PROBLEM DESCRIPTION: For this exercise, repeat exactly the lines below starting at the line holding "签约仪式结束后,钱建军作《大" and ending at the line holding "感恩是一种心态,犹如口渴时喝", both included, with no extra lines and no pictures.

EXERCISE MATERIALS:

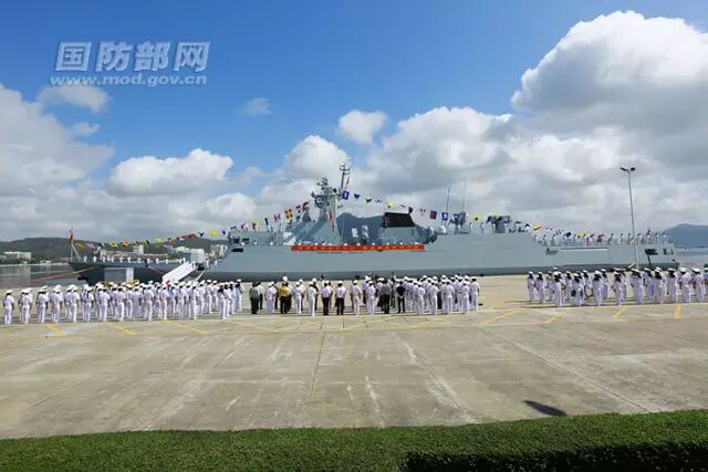 3月31日上午,海军新型护卫舰六盘水舰入列命名授旗仪式在海南三亚某军港举行,标志着该舰正式加入人民海军战斗序列。
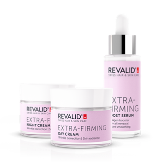 Moderní protivrásková péče stojí především na kombinaci přesně cílených aktivních látek a funkční rutiny, která je dobře snášená i zralejší či citlivější pletí. Řada Revalid Extra-Firming spojuje švýcarskou biotechnologii s přírodními aktivními látkami, jako jsou rostlinné peptidy a extrakty z mikrořas či zimolezu. Společně stimulují přirozenou tvorbu kolagenu a kyseliny hyaluronové, čímž zlepšují pevnost, pružnost i hydrataci pokožky. Díky tomu se pleť stává zářivější, vrásky jsou méně viditelné a celkový vzhled působí mladistvě a odpočatě. Dopřejte své pokožce péči, která pracuje ve dne i v noci – protože krásnou, pevnou a zdravou pleť si zaslouží zkrátka každý!
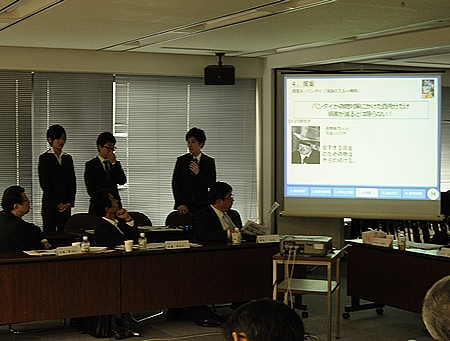 ・ 関東十ゼミ討論会とは ・ 小野ゼミにとっての十ゼミとは ・ 2011年度の参加ゼミ ・ 2011年度の小野ゼミの研究テーマ ・ 活動経過報告 ・ 関東十ゼミ討論会当日のスケジュール ・ 関東十ゼミ討論会当日の模様 ・ 慶應義塾商学会賞授賞式の模様 ・ 日本マーケティング協会理事会での研究報告の模様 ・ 研究を終えて (祝 関東十ゼミ討論会最優秀賞・優秀論文賞 ・ 慶應義塾商学会賞受賞!) |
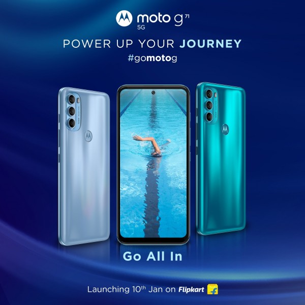 As per the teaser, we can see Motorola revealing the launch details for the next mid-range 5G smartphone with Moto G71 5G in India. The new Moto G71 5G will be available in two colors from the teaser with Green & Blue. Further, the teaser mentions that Moto G71 5G will be launching in India on Jan 10 at 12:00 PM.
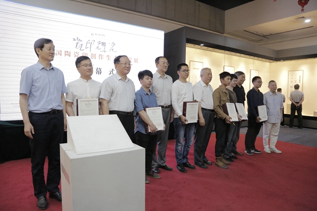 展覽通過“文獻考察”與“作品展覽”兩部分將陶瓷印的歷史和當代發(fā)展進行了梳理。“作品展覽”通過特邀和征稿的方式展出108位藝術(shù)家的200余件陶瓷印的印章原作,另每位作者還在印屏上展示了3至10幅印蛻作品。本次展出的“征稿作品”部分,是評委會對應征參選的作品進行了評選,評為獲獎作者和參展作者兩部分。李和章、王鏞、陳國斌、畢開艾、崔晗、李長春在開幕式上為姜軼、譚玉祥、武拙園、王志國、徐明春、崔紅濤等6名獲獎者頒獎。
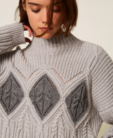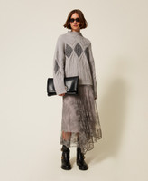 Wool blend intarsia knit jumper with cable knit and contrasting colour diamonds patters with lurex. Crater neck, long sleeves, front hem and sleeves with cable and rib knit patterns, Oval T logo plate on the back, wide fit.
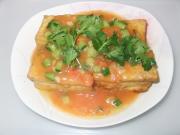 最后将汤汁倒在蒸好的豆腐箱子上即可。
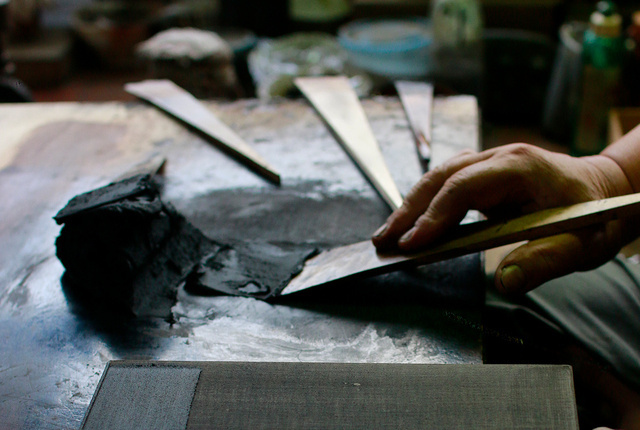 ▼輪島塗の職人がヘラを使用する様子
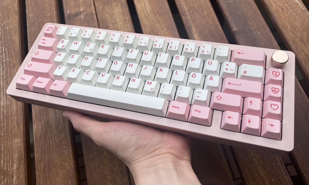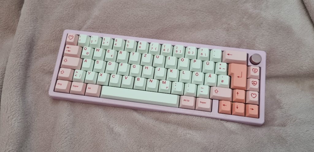 Ein liebliches Keycap Set in Weiß und Pink mit optionalen etwas dunkleren Pinken Akzenttasten.
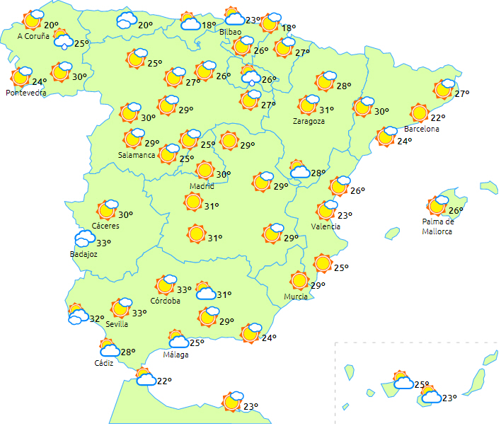 Der forventes en stigning i maksimumstemperaturerne i de fleste områder, men den vil være mere udtalt på Mallorca, i halvøens indre østlige Middelhavsområder, i det indre af Andalusien og i det nordlige Galicien. Temperaturerne kan nå helt op på 34 grader i Guadalquivir-dalen. Minimumstemperaturerne vil stige en smule i halvøens sydøstlige indre egne, på Balearerne og i den nordvestlige tredjedel af halvøen. Kun få ændringer i resten.
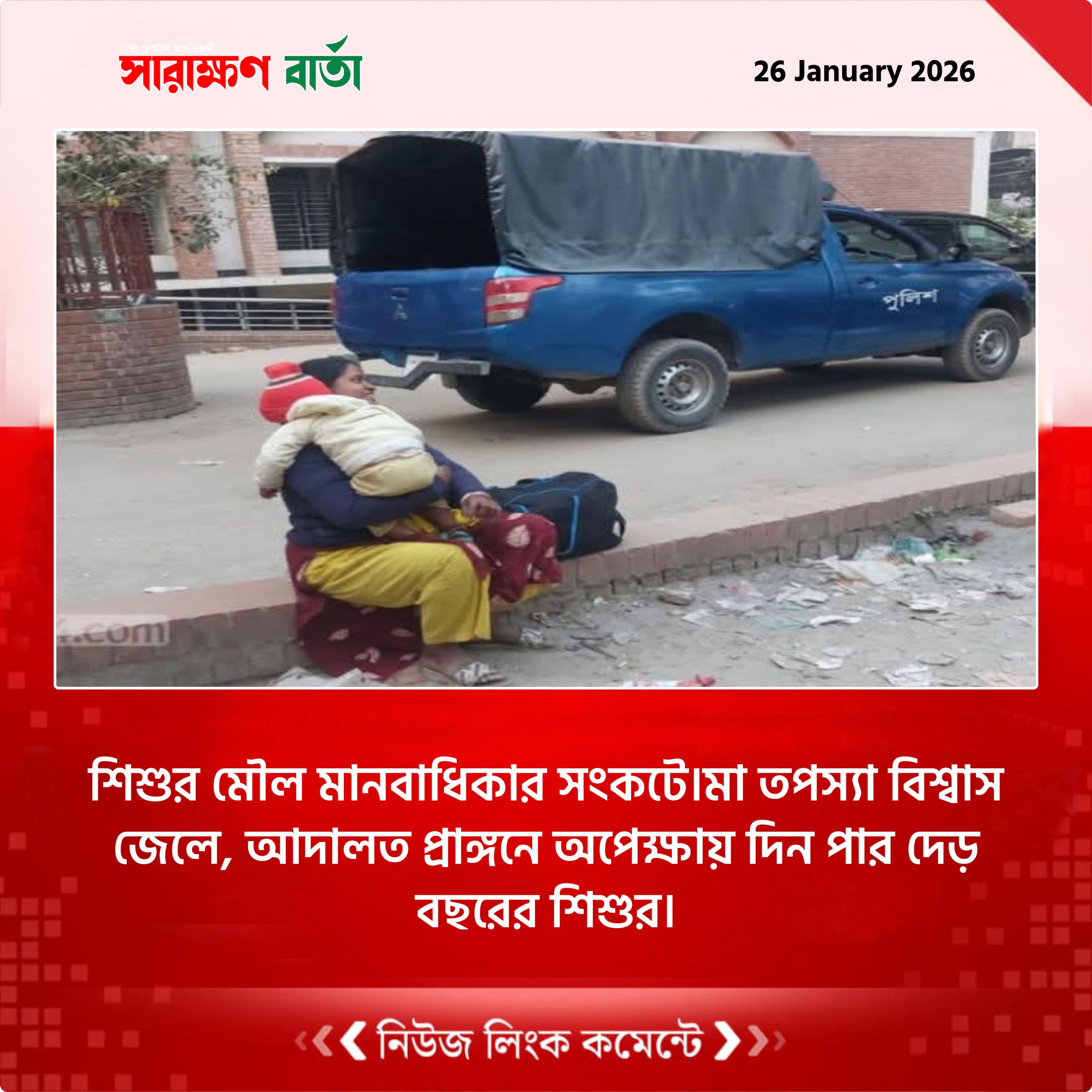 শিশুর মৌল মানবাধিকার সংকটে।মা তপস্যা বিশ্বাস জেলে, আদালত প্রাঙ্গনে অপেক্ষায় দিন পার দেড় বছরের শিশুর।
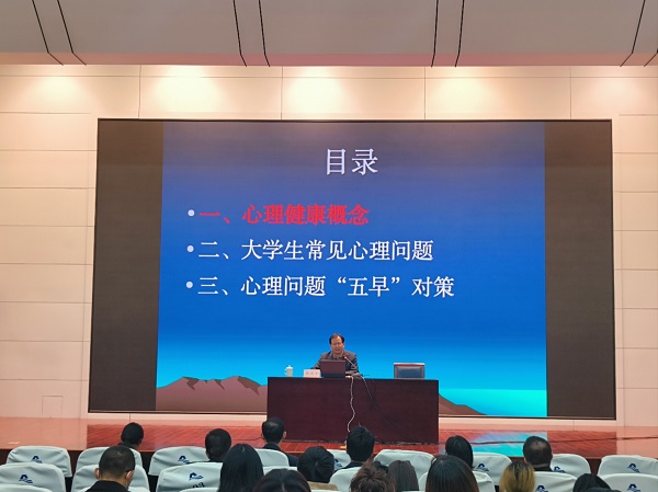 签约仪式结束后,钱建军作《大学生心理问题的识别与应对》的专题讲座。从“心理健康概念、大学生常见心理问题、心理问题‘五早’对策”三个方面进行了详细的讲解。通过常见心理疾病的症状举例,并结合临床经验,教授大家如何识别和应对心理问题,以提高心理健康知识水平。与会师生纷纷表示,此次讲座专业深刻、生动有趣、方法灵活,令大家受益匪浅。
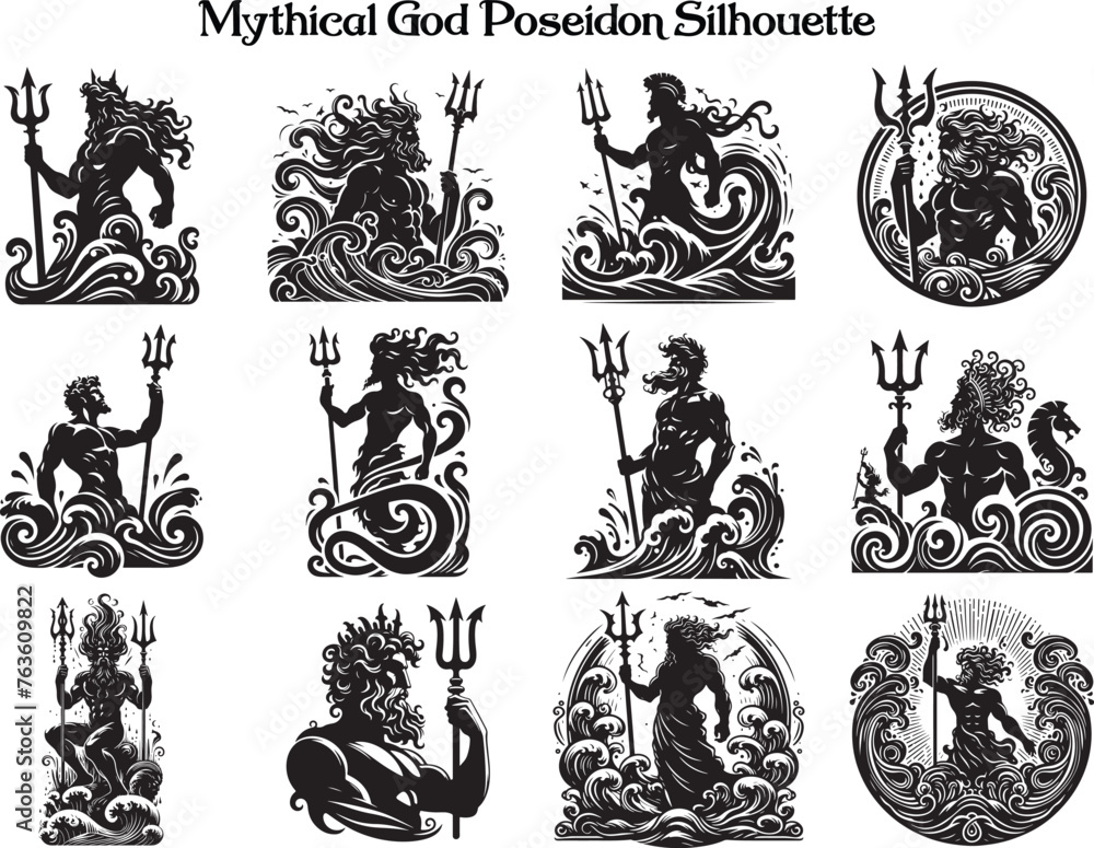 Samolepka Greek Mythic Sea God Poseidon Silhouette Vector Illustration Set
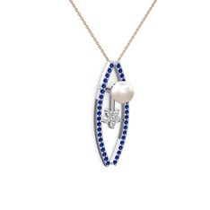 Pembe kuvars, lab safir ve inci 14 ayar beyaz altın kolye (40 cm gümüş rolo zincir)
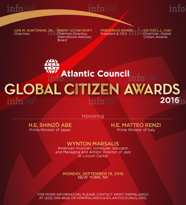 Notons que le Global Citizen Awards sera donc décerné à 3 personnalités internationales ce lundi 19 septembre à New-York au cours d’un dîner de gala : le Premier ministre japonais Shinzô Abe, le Premier ministre italien Matteo Renzi et l’artiste Américain Wynton Marsalis.
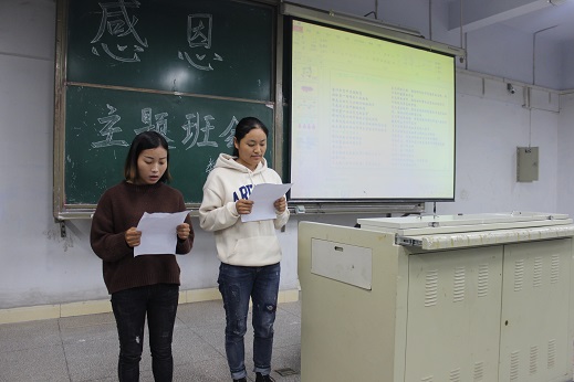 感恩是一种心态,犹如口渴时喝一杯绿茶,甘甜解渴,清香沁肺。感恩是一种生活态度,一种善于发现美并欣赏美的道德情操。诗朗诵《常怀一颗感恩的心》告诉我们不要责备上天的坎坷与命运的曲折,要体验快乐,在爱的阳光里成长。2015级代表李月秋以自己从颓废到努力的经历激励同学要积极进取,感恩身边的朋友、老师,感恩生活中每一个改变自己的机会。接着全体员工齐唱《感恩的心》,“感恩的心,感谢命运……”在这优美的歌声中感谢老师的付出、感谢同学的相互支持……
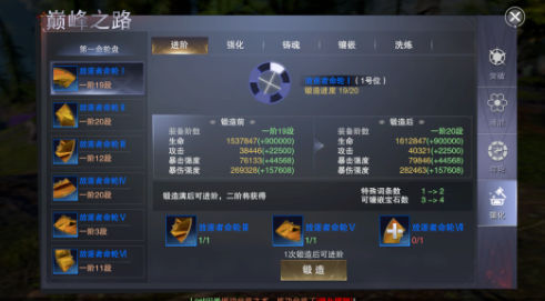 巅峰等级突破至3级,将开启巅峰装备命轮。在进行突破符文的挑战任务时,都有几率获得命轮装备。命轮共有8个装备部件,同基础装备一样,可增加玩家生命值、攻击力、防御力、暴击爆伤、免暴抗暴、格挡和双方解除等属性。

ANSWER TO THIS TASK:
 签约仪式结束后,钱建军作《大学生心理问题的识别与应对》的专题讲座。从“心理健康概念、大学生常见心理问题、心理问题‘五早’对策”三个方面进行了详细的讲解。通过常见心理疾病的症状举例,并结合临床经验,教授大家如何识别和应对心理问题,以提高心理健康知识水平。与会师生纷纷表示,此次讲座专业深刻、生动有趣、方法灵活,令大家受益匪浅。
 Samolepka Greek Mythic Sea God Poseidon Silhouette Vector Illustration Set
 Pembe kuvars, lab safir ve inci 14 ayar beyaz altın kolye (40 cm gümüş rolo zincir)
 Notons que le Global Citizen Awards sera donc décerné à 3 personnalités internationales ce lundi 19 septembre à New-York au cours d’un dîner de gala : le Premier ministre japonais Shinzô Abe, le Premier ministre italien Matteo Renzi et l’artiste Américain Wynton Marsalis.
 感恩是一种心态,犹如口渴时喝一杯绿茶,甘甜解渴,清香沁肺。感恩是一种生活态度,一种善于发现美并欣赏美的道德情操。诗朗诵《常怀一颗感恩的心》告诉我们不要责备上天的坎坷与命运的曲折,要体验快乐,在爱的阳光里成长。2015级代表李月秋以自己从颓废到努力的经历激励同学要积极进取,感恩身边的朋友、老师,感恩生活中每一个改变自己的机会。接着全体员工齐唱《感恩的心》,“感恩的心,感谢命运……”在这优美的歌声中感谢老师的付出、感谢同学的相互支持……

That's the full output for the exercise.